Let the children learn to rely on themselves as far as possible so that they can recognize oncoming danger and to meet or face these themselves. Our children must be taught the right way to cross the street and to carry knives and scissors so that they realise the danger in these activities and be cautious. Simply speaking we must tell our children to move ahead but warn them to watch their steps.

Our children must have firm belief that things would turn out for the best and to brighten their lives they should learn to be cheerful. Optimism and cheerfulness among our children rest largely upon their good health and their faith in the parental love. To keep the children happy we need to do little things like giving a genuine word of praise, telling a little joke, singing a song, playing a game and providing simple toys. Parents should always show sympathy for pain and disappointment in the children.

It is absolutely vital that we as parents instil a habit of cleanliness among our children. Cleanliness brings good health and we all know that ―a sound body has a sound mind‖. We also know that cleanliness is next to godliness. Firstly, the parents should set good examples and then it will be easier to ask children to wash hands before meals and after visiting the toilets, brush teeth after every meal, comb hair properly and put on clean clothes. If we show our children clean and healthy attitude to life then our children will automatically learn to be clean and healthy.

The state of feeling sure and certain grows in the children gradually. If as parents we are to make our children confident, we are improving their chances of success. Instead of giving up and running away from difficult situations and undertakings they learnt to tackle these head-on. The confident children will size up, prepare themselves and tackle these tasks with determination and definitely show good progress and success.

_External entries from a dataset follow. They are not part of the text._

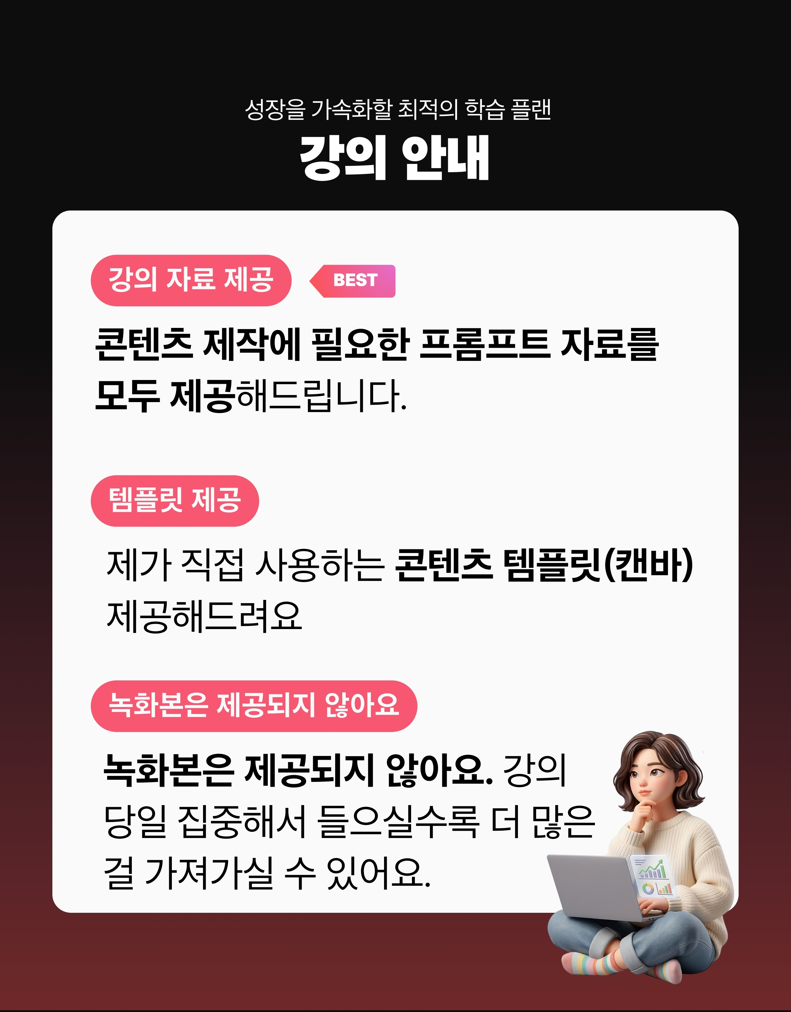 - 환불이 불가능하다고 사전에 명시된 주요 콘텐츠(강의 영상, 실습 자료 등)가 제공된 경우 * 단순한 안내문, 일정표 등의 자료 제공만으로는 환불 불가 사유가 되지 않습니다.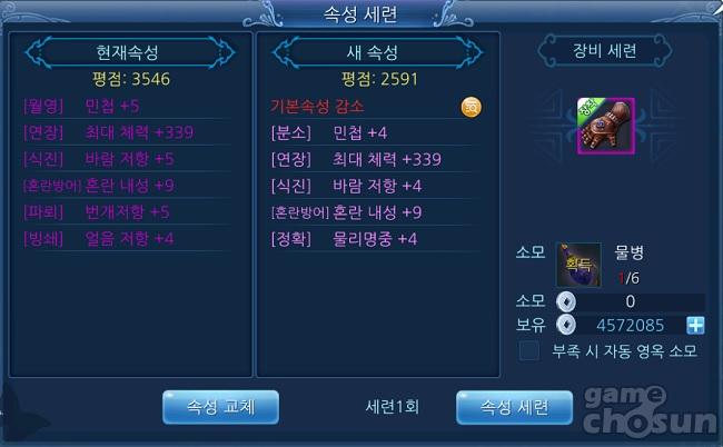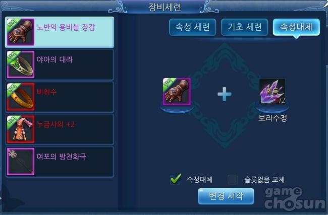 기본적으로 속성 대체 시 이전 속성을 복구할 수는 없지만, 지존 등급 장비에 한해서 속성 대체를 100회 대체했을 때, 초기 상태로 복구할 수 있다.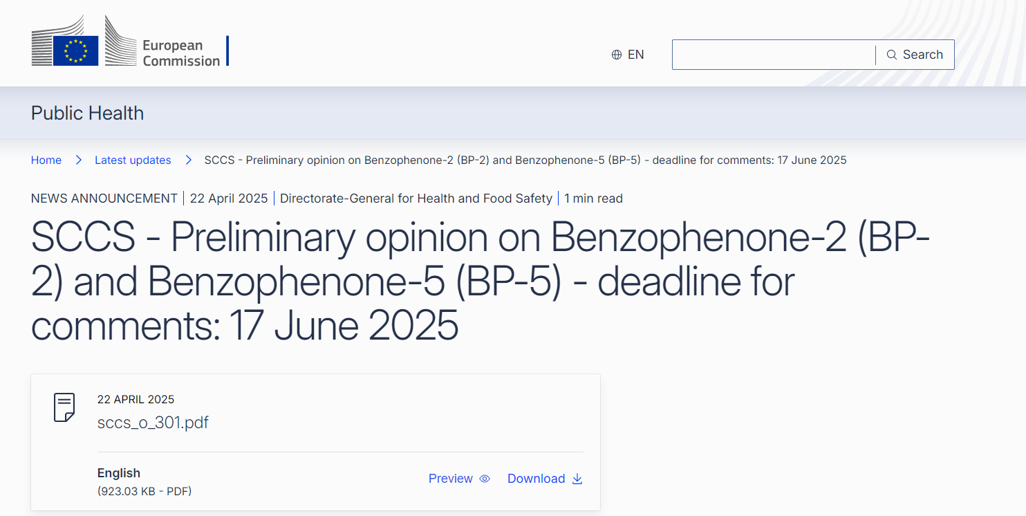 On April 22, 2025, the Scientific Committee on Consumer Safety (SCCS) of the European Union issued preliminary opinion (SCCS/1679/25) on Benzophenone-2 (BP-2) (CAS No. 131-55-5) and Benzophenone-5 (BP-5) (CAS No. 6628-37-1). The deadline for comments is set for June 17, 2025.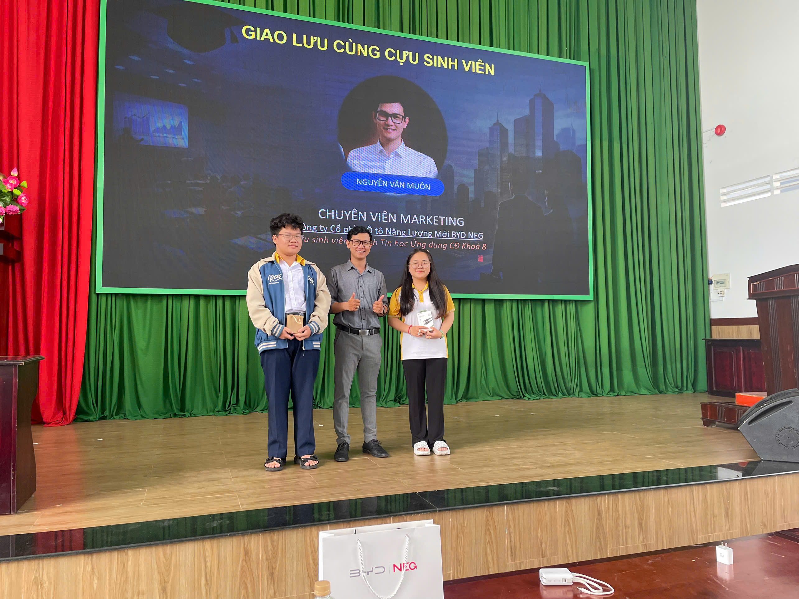 Bên cạnh đó, chương trình còn có sự góp mặt của anh Nguyễn Văn Muôn, cựu sinh viên ngành Tin học ứng dụng, Cao đẳng K8, hiện là Chuyên viên Marketing Ô tô Năng Lượng Mới BYD NEG, với nhiều năm kinh nghiệm trong lĩnh vực đào tạo văn hóa doanh nghiệp và marketing.Thông qua các chủ đề như kỹ năng giao tiếp với doanh nghiệp, kỹ năng làm việc hiệu quả và thái độ nghề nghiệp, anh đã chỉ ra những sai lầm phổ biến của sinh viên mới ra trường cũng như để cao thái độ nghề nghiệp và tinh thần chủ động học hỏi.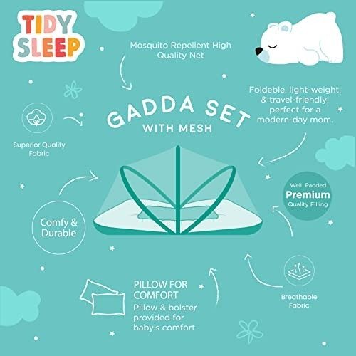 TIDY SLEEP Mosquito Net Bedding for Baby | Baby Gadda for New Born| 0Months+ | Size:90x65Cm | (Our Mission) – Fast Shipping to USA & Canada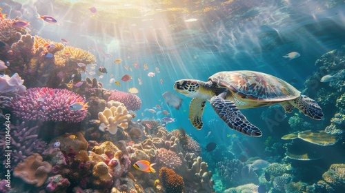 Vibrant Underwater Shot of Sea Turtle Swimming Among Coral Reefs and Fish with Sunlight Filtering Through Water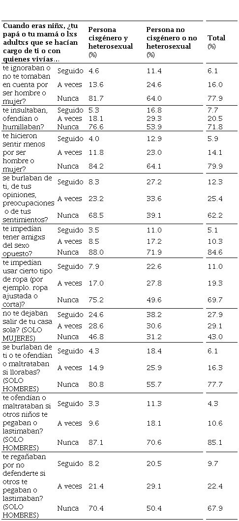 Ante la pregunta: “¿Te ignoraban o no te tomaban en cuenta por ser hombre o mujer?”, 4.6% de las personas cisgénero o heterosexuales respondieron que les sucedía con frecuencia, a diferencia del 11.4% de las personas de la diversidad sexual. Mientras que las personas que dijeron sufrir este tipo de violencia a veces fueron 21.4% y 29.1% respectivamente. Finalmente, quienes nunca sufrieron esta violencia fueron 70.4% de las personas cisgénero y heterosexuales y sólo 50.4% de las personas no heterosexuales o no cisgénero. Los datos permiten observar una notoria diferencia entre la frecuencia con que las personas no heterosexuales o cisgénero sufren este tipo de violencia psicológica relacionada con el género en la infancia. Por supuesto, las mujeres cisgénero o las heterosexuales no están a salvo, pero el problema se agrava aún más para las personas con orientaciones o identidades no normativas.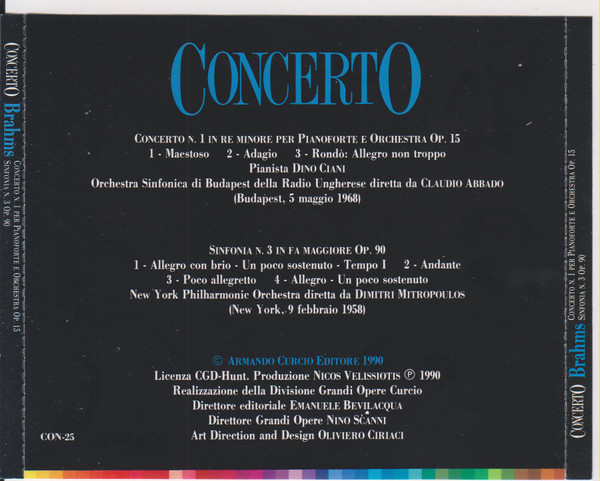 Johannes Brahms – Concerto N. 1 Per Pianoforte E Orch. Op.15, Sinfonia N. 3 Op. 90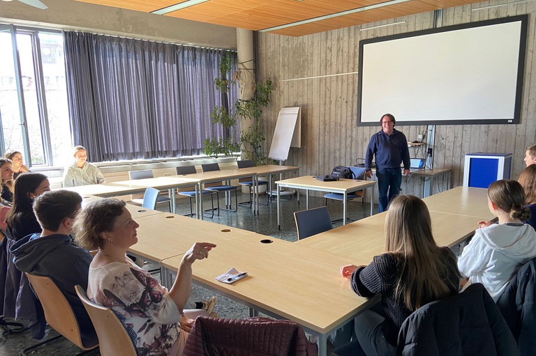 Prof. Bastian Rapp erklärte den 16 Teilnehmenden aus verschiedenen Gymnasien, darunter Neuenburg, Bad Krozingen, Theodor-Heuss-Gymnasium und St. Ursula Gymnasium in Freiburg, zu Beginn, was ein Reinraum ist und wie er funktioniert. In einem Reinraum werden Luft und andere Bedingungen sehr präzise kontrolliert werden, um Verunreinigungen zu vermeiden – eine wichtige Voraussetzung für die Herstellung empfindlicher Teile wie Halbleiter.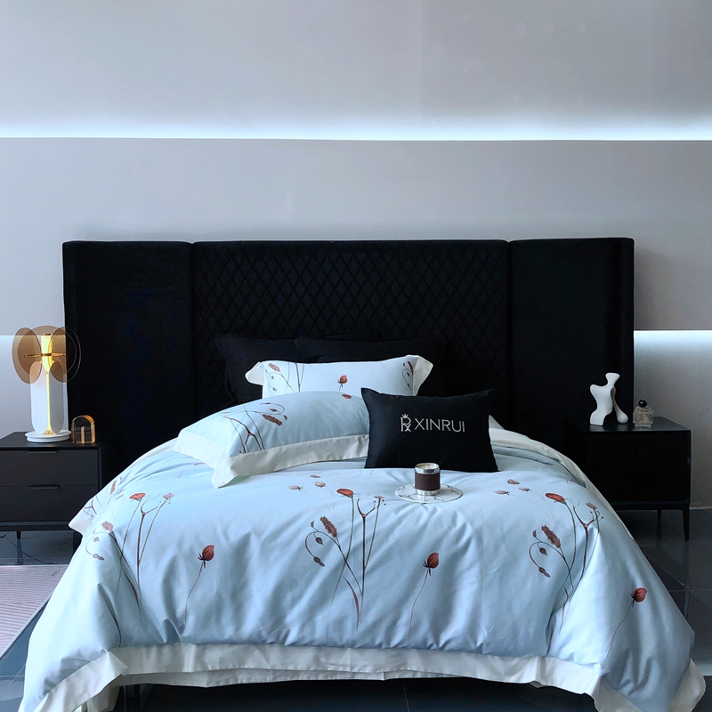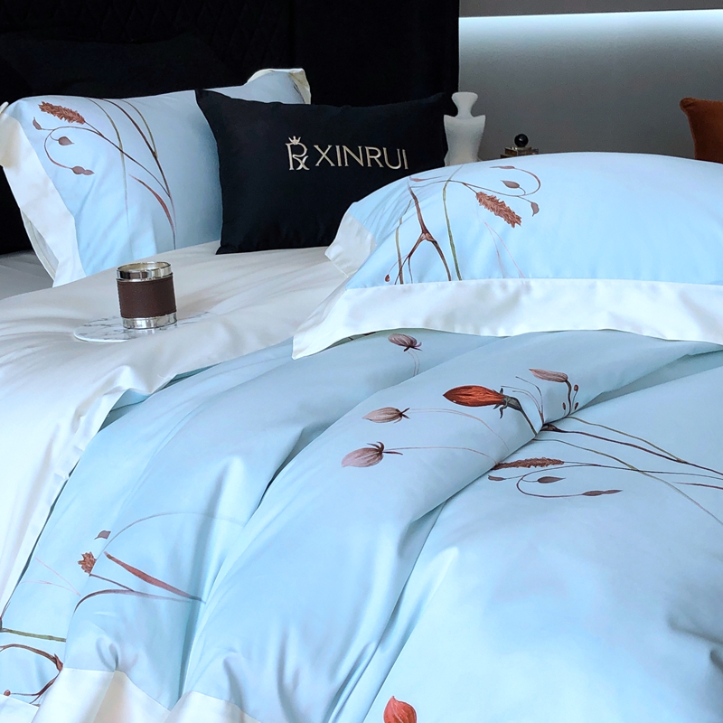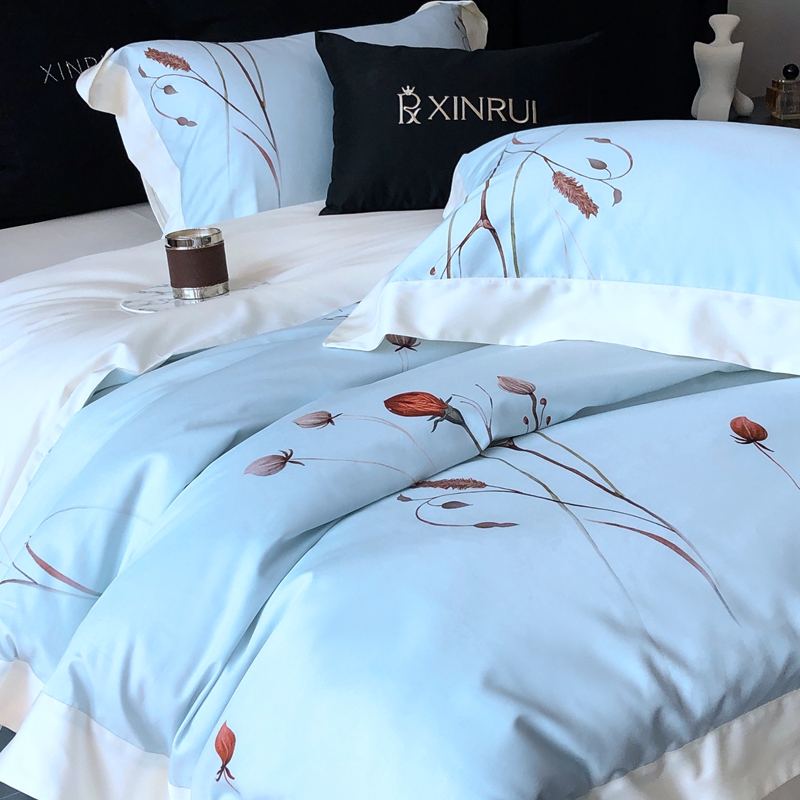 商品名称:馨蕊2024新款100S高奢简约活性数码印花系列四件套-棉玫瑰佳人 玫瑰佳人-北卡蓝

We as parents should show our confidence in children‘s schoolwork, their teachers, friends and neighbours. Our faith will make the children develop better self-confidence as well as maintain confidence in others. So let us make our children realize their limitations because if they fail and understand the reasons for their failures then they will be better prepared to try again. We must let the children realize that they have the required confidence within them and they know that they can do the work.

The state of being satisfied with what one has is very rare quality in human beings. A wise family refrains from uttering such words as ―we wish we could afford that‖ or ―we wish our father had a better job and made more money‖. These attitudes will make the children discontented.

So it is better to make your children be thankful for and be appreciative of all the common and beautiful things around them rather than feel that they are never satisfied with whatever they have got. Teach your children to appreciate a bright day, sunny morning, moonlit night, colourful garden and everything that is around them. Let them be satisfied with whatever they have.

When we make our children learn to act jointly with another person for a common purpose we give them a sense of satisfaction. Our family works together in harmony and we have a smoothly running household. By making the children feel that they are important and necessary part of the group we can encourage cooperation.

It is good to let the children feel where they can help others and get help. Younger children seem eager to cooperate and usually take directives but as they grow older and become self-assertive then we must be tactful to ask, suggest and consult rather than directing and commanding them.